▶ **SOURCE INFORMATION**:
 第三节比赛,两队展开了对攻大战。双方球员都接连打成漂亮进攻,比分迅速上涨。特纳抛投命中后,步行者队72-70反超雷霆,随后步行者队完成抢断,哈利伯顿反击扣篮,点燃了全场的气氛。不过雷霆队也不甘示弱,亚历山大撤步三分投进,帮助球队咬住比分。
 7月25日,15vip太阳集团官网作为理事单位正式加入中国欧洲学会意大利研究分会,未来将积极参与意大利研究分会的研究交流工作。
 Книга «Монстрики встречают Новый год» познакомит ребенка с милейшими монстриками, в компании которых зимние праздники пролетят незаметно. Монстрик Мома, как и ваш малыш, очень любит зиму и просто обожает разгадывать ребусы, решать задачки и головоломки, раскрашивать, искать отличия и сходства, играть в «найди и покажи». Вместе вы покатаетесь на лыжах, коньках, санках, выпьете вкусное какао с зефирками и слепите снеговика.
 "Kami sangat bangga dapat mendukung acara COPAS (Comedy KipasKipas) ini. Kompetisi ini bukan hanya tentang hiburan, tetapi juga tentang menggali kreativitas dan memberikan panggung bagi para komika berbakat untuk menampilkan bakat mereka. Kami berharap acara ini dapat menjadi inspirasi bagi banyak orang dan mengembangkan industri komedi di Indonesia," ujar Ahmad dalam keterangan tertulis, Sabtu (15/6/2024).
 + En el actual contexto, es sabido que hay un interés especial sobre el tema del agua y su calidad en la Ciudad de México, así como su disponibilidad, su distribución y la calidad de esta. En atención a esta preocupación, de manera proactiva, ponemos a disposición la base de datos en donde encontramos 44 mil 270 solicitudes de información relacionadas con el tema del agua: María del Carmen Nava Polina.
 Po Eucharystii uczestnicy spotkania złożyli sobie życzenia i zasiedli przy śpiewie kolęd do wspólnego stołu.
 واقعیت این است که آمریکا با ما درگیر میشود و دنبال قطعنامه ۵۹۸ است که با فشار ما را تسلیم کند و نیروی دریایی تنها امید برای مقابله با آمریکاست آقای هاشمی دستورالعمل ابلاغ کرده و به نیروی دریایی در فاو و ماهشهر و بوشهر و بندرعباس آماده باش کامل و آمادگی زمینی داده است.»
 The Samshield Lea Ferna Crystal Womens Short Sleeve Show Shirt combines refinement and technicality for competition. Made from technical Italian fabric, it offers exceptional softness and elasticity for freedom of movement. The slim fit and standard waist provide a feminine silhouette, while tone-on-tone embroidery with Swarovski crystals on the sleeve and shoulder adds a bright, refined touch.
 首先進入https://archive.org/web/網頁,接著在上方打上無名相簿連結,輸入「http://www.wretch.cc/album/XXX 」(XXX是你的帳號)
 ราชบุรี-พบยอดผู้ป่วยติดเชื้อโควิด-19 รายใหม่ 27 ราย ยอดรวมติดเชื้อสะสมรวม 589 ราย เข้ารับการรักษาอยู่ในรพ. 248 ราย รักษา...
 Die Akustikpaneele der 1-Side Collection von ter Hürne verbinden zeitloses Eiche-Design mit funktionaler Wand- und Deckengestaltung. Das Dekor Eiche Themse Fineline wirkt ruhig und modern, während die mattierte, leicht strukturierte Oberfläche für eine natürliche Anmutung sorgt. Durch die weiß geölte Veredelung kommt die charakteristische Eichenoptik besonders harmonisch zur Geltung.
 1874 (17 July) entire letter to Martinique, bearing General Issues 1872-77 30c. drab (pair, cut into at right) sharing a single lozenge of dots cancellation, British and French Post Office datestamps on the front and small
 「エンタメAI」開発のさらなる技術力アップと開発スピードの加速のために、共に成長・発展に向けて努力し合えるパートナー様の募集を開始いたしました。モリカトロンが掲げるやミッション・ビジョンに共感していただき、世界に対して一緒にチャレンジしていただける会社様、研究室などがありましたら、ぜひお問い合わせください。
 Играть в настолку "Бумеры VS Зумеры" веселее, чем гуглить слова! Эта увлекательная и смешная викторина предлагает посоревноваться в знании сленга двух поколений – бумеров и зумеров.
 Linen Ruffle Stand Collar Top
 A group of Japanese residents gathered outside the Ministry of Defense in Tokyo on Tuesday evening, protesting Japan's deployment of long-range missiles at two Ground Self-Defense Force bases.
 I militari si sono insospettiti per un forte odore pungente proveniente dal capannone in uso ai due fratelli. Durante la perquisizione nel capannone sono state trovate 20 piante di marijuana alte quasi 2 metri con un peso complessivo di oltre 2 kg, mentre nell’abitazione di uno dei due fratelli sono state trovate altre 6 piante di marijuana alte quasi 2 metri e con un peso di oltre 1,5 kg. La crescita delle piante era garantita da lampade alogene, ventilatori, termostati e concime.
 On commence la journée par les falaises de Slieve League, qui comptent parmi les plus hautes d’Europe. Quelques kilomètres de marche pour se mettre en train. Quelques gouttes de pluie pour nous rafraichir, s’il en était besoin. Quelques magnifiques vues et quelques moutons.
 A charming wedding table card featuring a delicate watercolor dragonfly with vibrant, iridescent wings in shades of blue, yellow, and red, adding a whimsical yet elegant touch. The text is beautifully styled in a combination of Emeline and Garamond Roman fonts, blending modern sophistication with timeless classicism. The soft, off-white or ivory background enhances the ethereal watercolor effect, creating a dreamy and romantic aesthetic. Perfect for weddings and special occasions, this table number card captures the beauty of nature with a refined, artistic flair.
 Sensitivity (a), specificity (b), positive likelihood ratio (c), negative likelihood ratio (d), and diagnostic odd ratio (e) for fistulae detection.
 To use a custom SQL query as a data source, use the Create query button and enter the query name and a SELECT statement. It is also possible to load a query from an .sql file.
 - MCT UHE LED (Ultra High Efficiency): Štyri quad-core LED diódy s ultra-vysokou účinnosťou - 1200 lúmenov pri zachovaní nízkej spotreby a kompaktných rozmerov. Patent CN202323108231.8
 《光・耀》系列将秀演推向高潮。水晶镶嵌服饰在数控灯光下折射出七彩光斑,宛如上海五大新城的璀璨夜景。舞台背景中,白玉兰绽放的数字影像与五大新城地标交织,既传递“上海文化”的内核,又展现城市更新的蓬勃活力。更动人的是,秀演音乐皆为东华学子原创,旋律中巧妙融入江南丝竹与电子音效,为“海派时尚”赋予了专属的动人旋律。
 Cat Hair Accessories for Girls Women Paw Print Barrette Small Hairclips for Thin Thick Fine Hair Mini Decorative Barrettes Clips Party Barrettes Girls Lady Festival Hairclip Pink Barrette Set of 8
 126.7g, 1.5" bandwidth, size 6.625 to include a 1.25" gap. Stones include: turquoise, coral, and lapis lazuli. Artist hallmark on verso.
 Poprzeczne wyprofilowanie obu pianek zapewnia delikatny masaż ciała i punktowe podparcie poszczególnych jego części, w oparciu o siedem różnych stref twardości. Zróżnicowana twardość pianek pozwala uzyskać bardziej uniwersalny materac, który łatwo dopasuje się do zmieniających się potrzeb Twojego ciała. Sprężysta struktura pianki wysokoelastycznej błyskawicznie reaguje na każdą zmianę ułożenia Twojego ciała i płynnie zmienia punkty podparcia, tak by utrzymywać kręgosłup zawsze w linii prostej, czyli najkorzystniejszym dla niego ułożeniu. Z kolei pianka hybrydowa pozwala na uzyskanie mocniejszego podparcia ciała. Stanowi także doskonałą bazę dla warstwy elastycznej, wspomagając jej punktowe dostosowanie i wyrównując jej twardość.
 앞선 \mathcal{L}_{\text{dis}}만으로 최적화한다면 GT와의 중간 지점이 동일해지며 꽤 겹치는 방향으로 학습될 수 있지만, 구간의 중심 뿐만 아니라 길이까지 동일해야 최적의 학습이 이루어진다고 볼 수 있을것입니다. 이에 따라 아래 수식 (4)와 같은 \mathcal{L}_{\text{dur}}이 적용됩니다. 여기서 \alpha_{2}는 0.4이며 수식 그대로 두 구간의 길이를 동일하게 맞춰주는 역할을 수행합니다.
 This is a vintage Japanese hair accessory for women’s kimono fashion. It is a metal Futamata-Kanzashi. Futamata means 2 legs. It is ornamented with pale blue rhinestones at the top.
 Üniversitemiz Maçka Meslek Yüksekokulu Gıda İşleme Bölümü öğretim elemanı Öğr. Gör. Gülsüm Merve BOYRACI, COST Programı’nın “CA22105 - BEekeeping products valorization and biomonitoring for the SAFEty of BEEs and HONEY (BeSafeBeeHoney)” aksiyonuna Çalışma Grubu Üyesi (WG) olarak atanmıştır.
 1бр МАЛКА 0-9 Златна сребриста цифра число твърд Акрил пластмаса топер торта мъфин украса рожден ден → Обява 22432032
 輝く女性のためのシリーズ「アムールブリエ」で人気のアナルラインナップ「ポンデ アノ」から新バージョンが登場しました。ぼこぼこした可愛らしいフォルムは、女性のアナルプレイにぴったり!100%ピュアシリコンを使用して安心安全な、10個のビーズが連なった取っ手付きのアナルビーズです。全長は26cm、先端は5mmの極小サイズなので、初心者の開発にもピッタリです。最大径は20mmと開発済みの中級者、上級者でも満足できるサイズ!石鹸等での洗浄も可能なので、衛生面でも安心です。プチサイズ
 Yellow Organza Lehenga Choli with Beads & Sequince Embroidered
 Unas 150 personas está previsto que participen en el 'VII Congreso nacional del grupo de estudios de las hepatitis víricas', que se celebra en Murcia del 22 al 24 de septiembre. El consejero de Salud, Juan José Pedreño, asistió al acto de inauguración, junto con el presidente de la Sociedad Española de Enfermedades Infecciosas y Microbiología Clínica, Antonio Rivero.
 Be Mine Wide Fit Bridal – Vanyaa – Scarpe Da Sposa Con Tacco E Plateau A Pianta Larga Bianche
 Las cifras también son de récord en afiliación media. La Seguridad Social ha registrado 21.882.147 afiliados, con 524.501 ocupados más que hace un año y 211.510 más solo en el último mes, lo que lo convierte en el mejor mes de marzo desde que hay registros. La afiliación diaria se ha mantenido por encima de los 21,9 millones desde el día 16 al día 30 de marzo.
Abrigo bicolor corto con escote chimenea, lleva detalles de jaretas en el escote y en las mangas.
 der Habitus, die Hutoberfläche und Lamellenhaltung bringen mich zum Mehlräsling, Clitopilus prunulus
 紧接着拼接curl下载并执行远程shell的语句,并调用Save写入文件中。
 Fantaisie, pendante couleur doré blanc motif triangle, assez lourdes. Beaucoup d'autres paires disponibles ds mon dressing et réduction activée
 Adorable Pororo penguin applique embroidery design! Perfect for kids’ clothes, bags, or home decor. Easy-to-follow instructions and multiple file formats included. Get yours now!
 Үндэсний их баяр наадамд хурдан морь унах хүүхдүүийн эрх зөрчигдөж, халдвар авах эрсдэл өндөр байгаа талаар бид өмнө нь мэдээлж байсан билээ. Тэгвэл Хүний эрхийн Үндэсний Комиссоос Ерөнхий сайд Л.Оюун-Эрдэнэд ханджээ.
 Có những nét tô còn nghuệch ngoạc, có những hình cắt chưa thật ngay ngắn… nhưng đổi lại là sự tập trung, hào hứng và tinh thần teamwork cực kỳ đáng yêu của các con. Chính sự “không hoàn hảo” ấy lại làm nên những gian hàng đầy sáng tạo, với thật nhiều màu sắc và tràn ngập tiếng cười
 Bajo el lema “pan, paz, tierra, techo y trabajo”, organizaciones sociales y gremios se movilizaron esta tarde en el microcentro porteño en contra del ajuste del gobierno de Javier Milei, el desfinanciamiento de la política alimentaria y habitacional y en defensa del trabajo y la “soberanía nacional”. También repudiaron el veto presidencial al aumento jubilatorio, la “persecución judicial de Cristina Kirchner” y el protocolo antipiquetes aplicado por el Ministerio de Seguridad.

▶ **PROBLEM TO WORK ON**:
The listing above holds a line with "Sensitivity (a), specificity" and a line with "This is a vintage". Print the stretch from the first through the second, exactly and alone.

▶ **YOUR SOLUTION**:
 Sensitivity (a), specificity (b), positive likelihood ratio (c), negative likelihood ratio (d), and diagnostic odd ratio (e) for fistulae detection.
 To use a custom SQL query as a data source, use the Create query button and enter the query name and a SELECT statement. It is also possible to load a query from an .sql file.
 - MCT UHE LED (Ultra High Efficiency): Štyri quad-core LED diódy s ultra-vysokou účinnosťou - 1200 lúmenov pri zachovaní nízkej spotreby a kompaktných rozmerov. Patent CN202323108231.8
 《光・耀》系列将秀演推向高潮。水晶镶嵌服饰在数控灯光下折射出七彩光斑,宛如上海五大新城的璀璨夜景。舞台背景中,白玉兰绽放的数字影像与五大新城地标交织,既传递“上海文化”的内核,又展现城市更新的蓬勃活力。更动人的是,秀演音乐皆为东华学子原创,旋律中巧妙融入江南丝竹与电子音效,为“海派时尚”赋予了专属的动人旋律。
 Cat Hair Accessories for Girls Women Paw Print Barrette Small Hairclips for Thin Thick Fine Hair Mini Decorative Barrettes Clips Party Barrettes Girls Lady Festival Hairclip Pink Barrette Set of 8
 126.7g, 1.5" bandwidth, size 6.625 to include a 1.25" gap. Stones include: turquoise, coral, and lapis lazuli. Artist hallmark on verso.
 Poprzeczne wyprofilowanie obu pianek zapewnia delikatny masaż ciała i punktowe podparcie poszczególnych jego części, w oparciu o siedem różnych stref twardości. Zróżnicowana twardość pianek pozwala uzyskać bardziej uniwersalny materac, który łatwo dopasuje się do zmieniających się potrzeb Twojego ciała. Sprężysta struktura pianki wysokoelastycznej błyskawicznie reaguje na każdą zmianę ułożenia Twojego ciała i płynnie zmienia punkty podparcia, tak by utrzymywać kręgosłup zawsze w linii prostej, czyli najkorzystniejszym dla niego ułożeniu. Z kolei pianka hybrydowa pozwala na uzyskanie mocniejszego podparcia ciała. Stanowi także doskonałą bazę dla warstwy elastycznej, wspomagając jej punktowe dostosowanie i wyrównując jej twardość.
 앞선 \mathcal{L}_{\text{dis}}만으로 최적화한다면 GT와의 중간 지점이 동일해지며 꽤 겹치는 방향으로 학습될 수 있지만, 구간의 중심 뿐만 아니라 길이까지 동일해야 최적의 학습이 이루어진다고 볼 수 있을것입니다. 이에 따라 아래 수식 (4)와 같은 \mathcal{L}_{\text{dur}}이 적용됩니다. 여기서 \alpha_{2}는 0.4이며 수식 그대로 두 구간의 길이를 동일하게 맞춰주는 역할을 수행합니다.
 This is a vintage Japanese hair accessory for women’s kimono fashion. It is a metal Futamata-Kanzashi. Futamata means 2 legs. It is ornamented with pale blue rhinestones at the top.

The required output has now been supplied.